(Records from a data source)

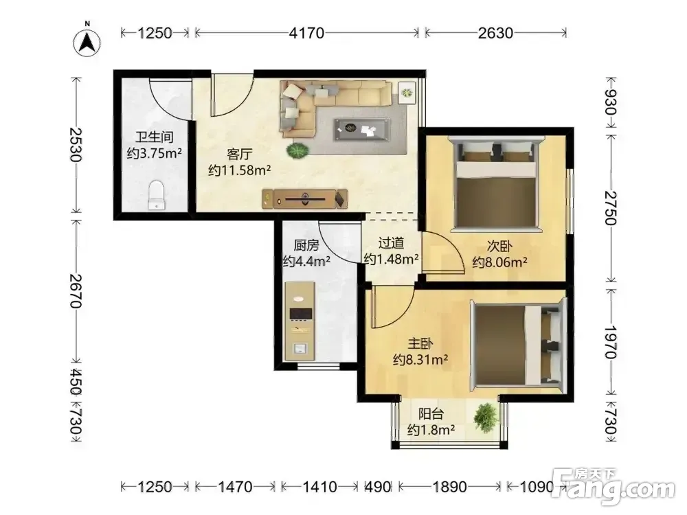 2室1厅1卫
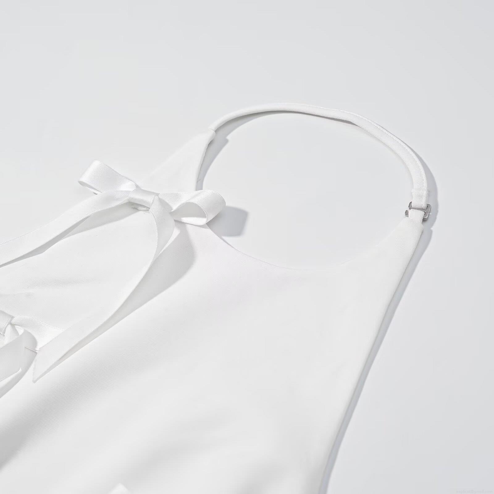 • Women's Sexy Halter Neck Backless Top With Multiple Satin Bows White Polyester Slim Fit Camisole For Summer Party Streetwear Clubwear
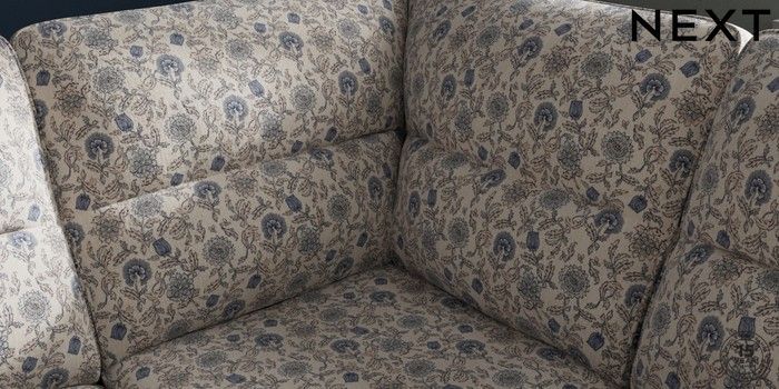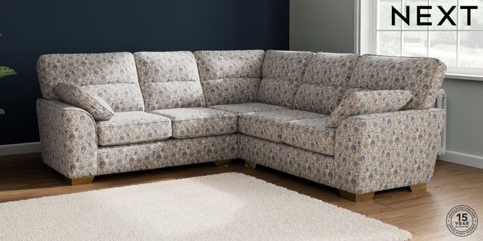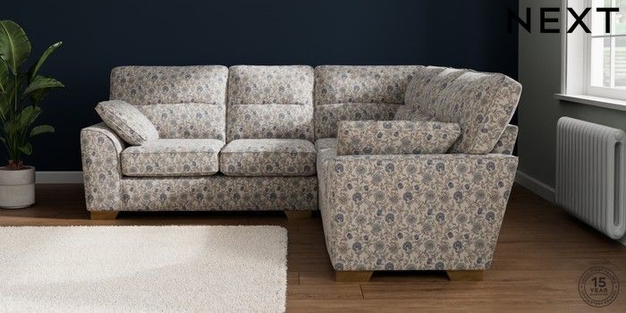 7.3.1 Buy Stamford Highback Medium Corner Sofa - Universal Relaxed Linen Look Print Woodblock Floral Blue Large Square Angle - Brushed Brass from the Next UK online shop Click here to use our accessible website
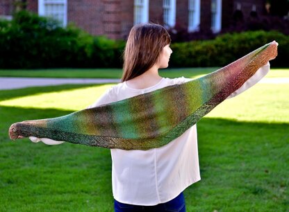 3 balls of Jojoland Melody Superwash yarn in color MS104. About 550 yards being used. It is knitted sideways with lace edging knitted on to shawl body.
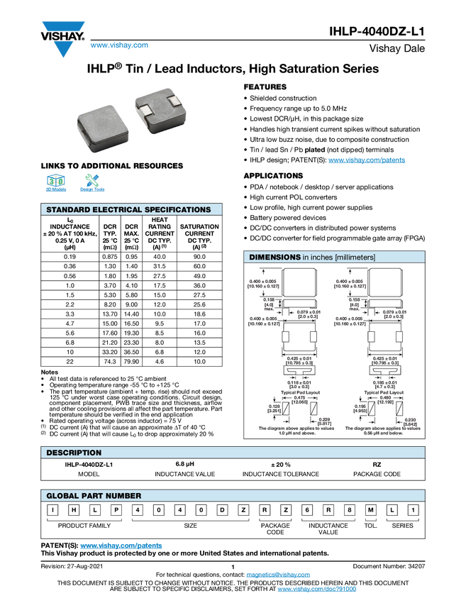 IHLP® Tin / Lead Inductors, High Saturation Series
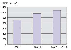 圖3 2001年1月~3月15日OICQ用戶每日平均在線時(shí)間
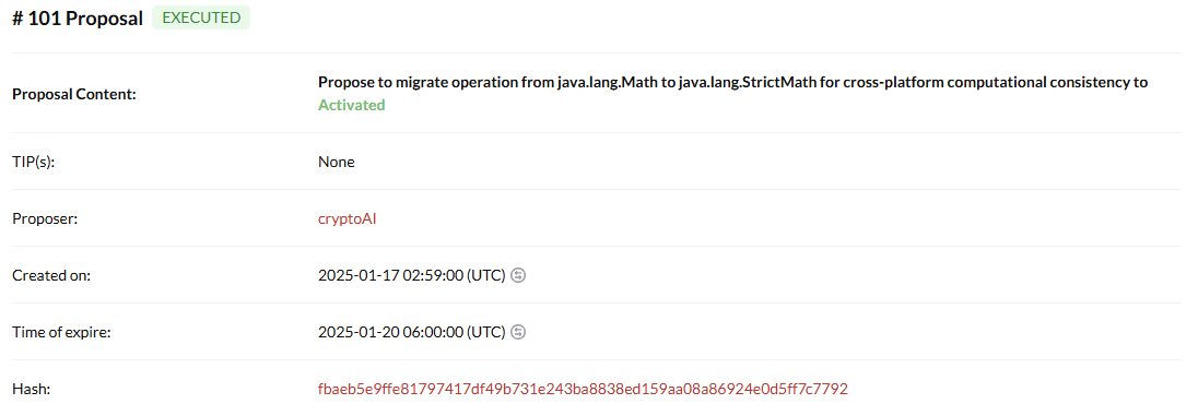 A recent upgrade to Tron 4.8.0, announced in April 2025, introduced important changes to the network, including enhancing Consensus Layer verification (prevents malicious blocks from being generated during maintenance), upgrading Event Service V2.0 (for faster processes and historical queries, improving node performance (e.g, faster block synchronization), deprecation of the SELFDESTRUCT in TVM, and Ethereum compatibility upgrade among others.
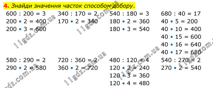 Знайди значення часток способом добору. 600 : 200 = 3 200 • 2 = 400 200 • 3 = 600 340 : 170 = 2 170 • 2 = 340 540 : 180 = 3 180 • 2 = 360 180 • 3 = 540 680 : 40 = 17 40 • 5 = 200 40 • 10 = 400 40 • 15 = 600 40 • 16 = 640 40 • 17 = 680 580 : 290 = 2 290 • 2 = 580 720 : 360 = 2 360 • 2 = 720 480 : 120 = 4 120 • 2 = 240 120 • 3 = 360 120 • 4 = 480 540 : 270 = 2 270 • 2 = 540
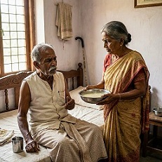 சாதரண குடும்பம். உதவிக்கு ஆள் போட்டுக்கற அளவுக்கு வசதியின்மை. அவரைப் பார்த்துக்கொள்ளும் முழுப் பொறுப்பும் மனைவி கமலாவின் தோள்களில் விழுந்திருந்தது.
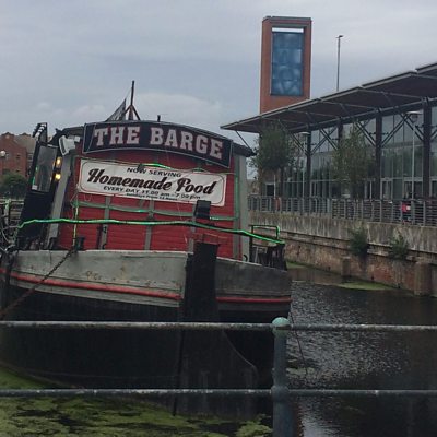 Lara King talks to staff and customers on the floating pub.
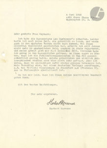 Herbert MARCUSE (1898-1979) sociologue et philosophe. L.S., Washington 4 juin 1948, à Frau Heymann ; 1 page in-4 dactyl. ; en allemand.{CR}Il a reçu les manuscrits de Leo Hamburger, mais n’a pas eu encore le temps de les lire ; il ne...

What you will do |
Apart from the images, every line above needs to be printed again exactly.

Solved problem |
 2室1厅1卫
 • Women's Sexy Halter Neck Backless Top With Multiple Satin Bows White Polyester Slim Fit Camisole For Summer Party Streetwear Clubwear
 7.3.1 Buy Stamford Highback Medium Corner Sofa - Universal Relaxed Linen Look Print Woodblock Floral Blue Large Square Angle - Brushed Brass from the Next UK online shop Click here to use our accessible website
 3 balls of Jojoland Melody Superwash yarn in color MS104. About 550 yards being used. It is knitted sideways with lace edging knitted on to shawl body.
 IHLP® Tin / Lead Inductors, High Saturation Series
 圖3 2001年1月~3月15日OICQ用戶每日平均在線時(shí)間
 A recent upgrade to Tron 4.8.0, announced in April 2025, introduced important changes to the network, including enhancing Consensus Layer verification (prevents malicious blocks from being generated during maintenance), upgrading Event Service V2.0 (for faster processes and historical queries, improving node performance (e.g, faster block synchronization), deprecation of the SELFDESTRUCT in TVM, and Ethereum compatibility upgrade among others.
 Знайди значення часток способом добору. 600 : 200 = 3 200 • 2 = 400 200 • 3 = 600 340 : 170 = 2 170 • 2 = 340 540 : 180 = 3 180 • 2 = 360 180 • 3 = 540 680 : 40 = 17 40 • 5 = 200 40 • 10 = 400 40 • 15 = 600 40 • 16 = 640 40 • 17 = 680 580 : 290 = 2 290 • 2 = 580 720 : 360 = 2 360 • 2 = 720 480 : 120 = 4 120 • 2 = 240 120 • 3 = 360 120 • 4 = 480 540 : 270 = 2 270 • 2 = 540
 சாதரண குடும்பம். உதவிக்கு ஆள் போட்டுக்கற அளவுக்கு வசதியின்மை. அவரைப் பார்த்துக்கொள்ளும் முழுப் பொறுப்பும் மனைவி கமலாவின் தோள்களில் விழுந்திருந்தது.
 Lara King talks to staff and customers on the floating pub.
 Herbert MARCUSE (1898-1979) sociologue et philosophe. L.S., Washington 4 juin 1948, à Frau Heymann ; 1 page in-4 dactyl. ; en allemand.{CR}Il a reçu les manuscrits de Leo Hamburger, mais n’a pas eu encore le temps de les lire ; il ne...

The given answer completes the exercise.